FWIW, I do think a lot of this sort of thing is all about fitting in with their peers, and most well bought up children might write these things, but not actually mean them. The fact that your ds is a lovely boy at home who is excited at the prospect of having a baby brother, has teddies on his bed and loves his mum Smile is the thing to hold on to, along with all the nice conversations on his phone, NOT the odd text that make your skin crawl!

I recently discovered text messages on my ds's ipod (aged 10, yr 6) saying - 'you are a cock sucking retard and I hate your fucking guts' Shock. In all, he had 25 texts all of a similar vein. Luckily, ds realised the (same aged) boy who sent these was an idiot, who deserved no respect whatsoever, we showed the school who dealt with it appropriately.

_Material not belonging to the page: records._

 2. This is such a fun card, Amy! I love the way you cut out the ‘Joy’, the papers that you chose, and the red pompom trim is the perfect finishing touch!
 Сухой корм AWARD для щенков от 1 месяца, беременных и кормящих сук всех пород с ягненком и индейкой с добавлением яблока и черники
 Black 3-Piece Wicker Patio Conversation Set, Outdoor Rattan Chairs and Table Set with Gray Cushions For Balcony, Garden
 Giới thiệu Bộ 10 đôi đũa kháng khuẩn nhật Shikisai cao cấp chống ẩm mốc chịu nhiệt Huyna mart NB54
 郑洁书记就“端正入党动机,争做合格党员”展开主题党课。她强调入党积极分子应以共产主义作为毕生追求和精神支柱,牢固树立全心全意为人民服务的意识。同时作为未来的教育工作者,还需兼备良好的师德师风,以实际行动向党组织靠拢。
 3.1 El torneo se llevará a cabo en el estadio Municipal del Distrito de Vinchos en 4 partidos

BUT, the shock i felt when reading this - well, my God!

It was, however, a good thing that it happened because it meant we could have frank, honest conversations about text/phones/inappropriate language/respect etc etc and ds is now much more open about 'stuff' - iyswim. Hopefully, all this coming out will be a good thing for your ds too.

PS - do 10/11 year old pre-teens really wank?? I sometimes catch a glimpse of ds's willy and it is such a maggot, his hand would really be too big and just slide off the end as it moved up and down. Surely it needs to be, well, just bigger!! Grin

NowThenWreck · 03/04/2012 18:06

I remember being 11, and talking to my friends about sex,and willies, and french kissing, and I also remember some of the more vile boys having porn mags which they looked at behind a bush.
I am in my 30's.
Our parents would have been horrified, but there was not much in it. We still didn't actually know anything. still don't.
My friend said to me "do you know, when you have sex, the man puts it in and out 3 times!! at which we both went "eeeww"!

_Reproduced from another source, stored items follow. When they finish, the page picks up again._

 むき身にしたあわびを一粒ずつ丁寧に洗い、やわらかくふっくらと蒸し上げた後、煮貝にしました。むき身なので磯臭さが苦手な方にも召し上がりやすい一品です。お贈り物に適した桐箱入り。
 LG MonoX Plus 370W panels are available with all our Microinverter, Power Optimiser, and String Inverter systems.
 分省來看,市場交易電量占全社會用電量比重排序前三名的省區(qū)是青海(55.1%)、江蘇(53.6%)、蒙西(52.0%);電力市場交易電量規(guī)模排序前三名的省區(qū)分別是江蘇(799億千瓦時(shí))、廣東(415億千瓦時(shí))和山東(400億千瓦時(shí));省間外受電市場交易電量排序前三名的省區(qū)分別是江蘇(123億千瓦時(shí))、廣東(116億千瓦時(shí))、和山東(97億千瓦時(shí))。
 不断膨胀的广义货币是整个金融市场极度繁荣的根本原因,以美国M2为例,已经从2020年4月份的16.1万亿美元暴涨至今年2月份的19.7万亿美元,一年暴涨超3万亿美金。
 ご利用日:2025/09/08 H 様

NowThenWreck · 03/04/2012 18:50

Also, having thought about it, the denigrating language towards women was very prevalent when I was a kid too.
I heard a lot about how girls "stink of fish" and, at around 14 or so, how any girl who was interested in sex was automatically a "slag".
I also had no idea what the clitoris was until I was 14(it doesn't seem to feature very much in porn!)
It's true that the prevalence and easy availability of porn is terrifying, but I think that once these boys get older, they maybe realise that it's not real, and have a (hopefully) good background of positive female and male role models to inform their values.
OP, you sound like you are giving your son a solid upbringing, and this will stand him in good stead when he is a young adult imo.
It's when they don't have that tempering influence of normality that porn culture etc becomes really damaging.

SoldeInvierno · 03/04/2012 18:52

I think people who think the "olden days" were different are being naive. My DH is 42 and when he was at primary school, there was already porn circulating amongst the boys. Yes, it was in the form of magazines, but it still happened. Not that much has changed, just the media.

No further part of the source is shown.